Людмила Арсеньевна помолодела лет на двадцать. Глаза сияли.
– Глашенька, деточка, я так счастлива, спасибо вам, дорогая моя! Я, как вас впервые увидела, сразу поняла, какую хорошую добрую девочку нашел Андрей Олегович. Да еще и внучку профессора Юрлова! Вот, Глашенька, я так благодарна вам, и в знак моей благодарности хочу подарить вам вот эту штучку.
Это был кулон – на белом перламутре лежала крупная совершенно неправильной формы черная жемчужина.
– Как красиво!
– Эту жемчужину нашел где-то в Полинезии один мой знакомый.
– Как нашел?
– Ну как вообще находят жемчуг? Нырял и нашел. И подарил мне.
– Людмила Арсеньевна, мне ей-богу же неудобно!
– А вам удобно дарить миски моему коту, находить для меня частного детектива и вообще… – У нее вдруг потекли слезы. – Я всегда хотела дочку… И к вам отношусь как к дочке. Не обижайте меня, Глаша! Возьмите кулон!
– А Андрей Олегович не удивится, увидев на мне этот кулон?
– Андрей Олегович никогда его не видел, – с тонкой усмешкой проговорила Людмила Арсеньевна.
– Хорошо! Спасибо огромное!
Я надела кулон.
– О, как вам идет!
– Да, здорово… Спасибо еще раз.
– Глаша, а теперь самое главное… Я Андрею пока ничего не сказала про Котю.
– Почему?
– А я не знаю, как он отреагирует… И я вот что решила… Когда вы с Андреем уезжаете?
– Послезавтра летим в Лиссабон, а потом в Мадрид. Поездка займет четыре дня.
– Великолепно! А я полечу в Стокгольм и встречусь с Котей…
– Ох!
– Кремер дал мне его телефон и даже адрес.
– Ох, Людмила Арсеньевна… И вам не страшно?
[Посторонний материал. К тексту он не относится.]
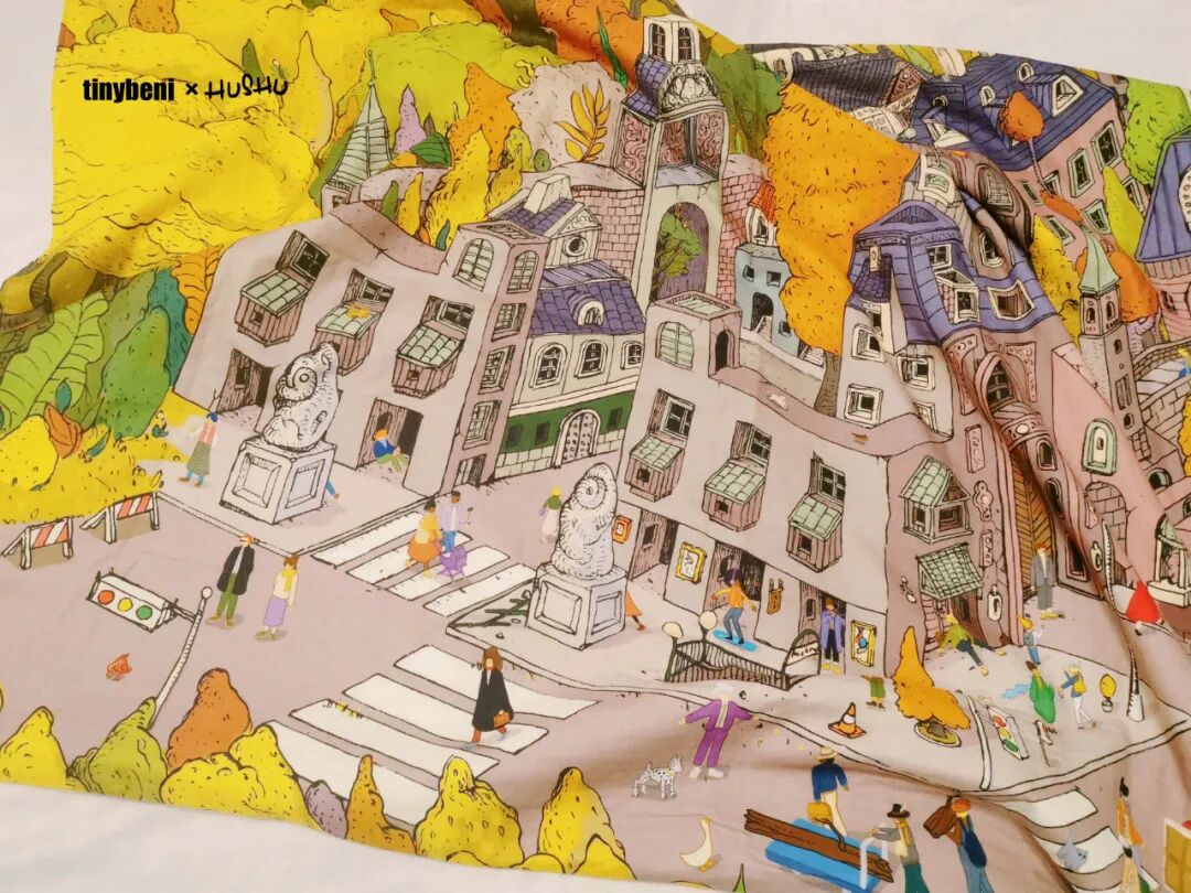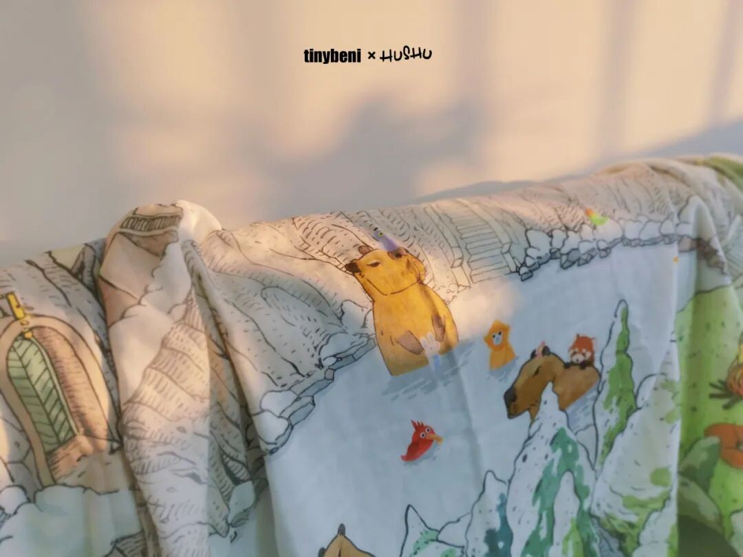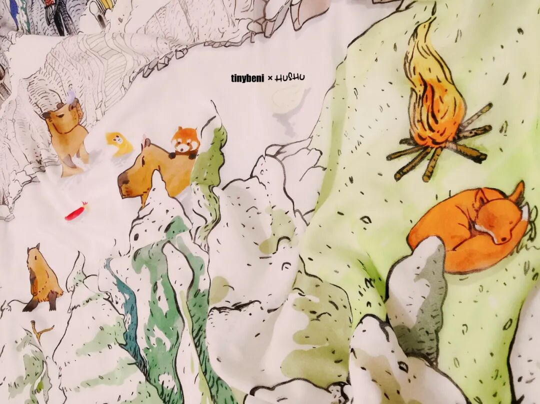 创作简介:与tinybeni合作的婴儿安抚方巾盖毯,以动植物为主的画面营造出温暖安静的氛围。

– Еще как страшно! – Она перешла на шепот. – Но иначе я не могу… Я должна наконец его увидеть… Постойте, Глаша, а откуда вы знаете этого Мирослава Гончара?
– А вот, кстати, его работа, – я поставила на стол кувшин.
– Шутите?
– Какие шутки! Этот кувшин был на выставке, мне он страшно понравился, и Мирослав… мне его подарил…
– Он влюбился в вас?
– Да нет, просто расщедрился на радостях, выставка имела большой успех в Москве.
– Он был в Москве… – она нежно погладила кувшин.
– Хотите, я вам его подарю?
– Нет, Котя ведь подарил его вам…
– Но вы же…
– Нет-нет, я не возьму, деточка. Я ведь скоро увижу его и, надеюсь, он покажет мне и другие свои работы…
Я схватила свой телефон, нашла в нем фотографию с четырьмя амфорами.
– Вот, взгляните!
– И это сделал мой сын? Да… Мне нет прощения… Какая я мать? Я не только не заметила его таланта, а их у него, похоже, было много… Он в юности хотел петь, у него был неплохой голос, но нам с Андреем это казалось юношеской блажью… Я попросила свою подругу, работавшую в Гнесинке, сказать ему, что с такими данными ему нечего ловить… Тогда он подался в Саратовскую консерваторию, мы об этом узнали…
– И ваша подруга помогла ему провалиться и там?
– Да. Потом она честно мне призналась, что большого певца из него не вышло бы, голос был невелик… А в те годы что его ждало бы? Разве что рестораны…
– А он, кстати, пел в ресторанах и даже имел большой успех.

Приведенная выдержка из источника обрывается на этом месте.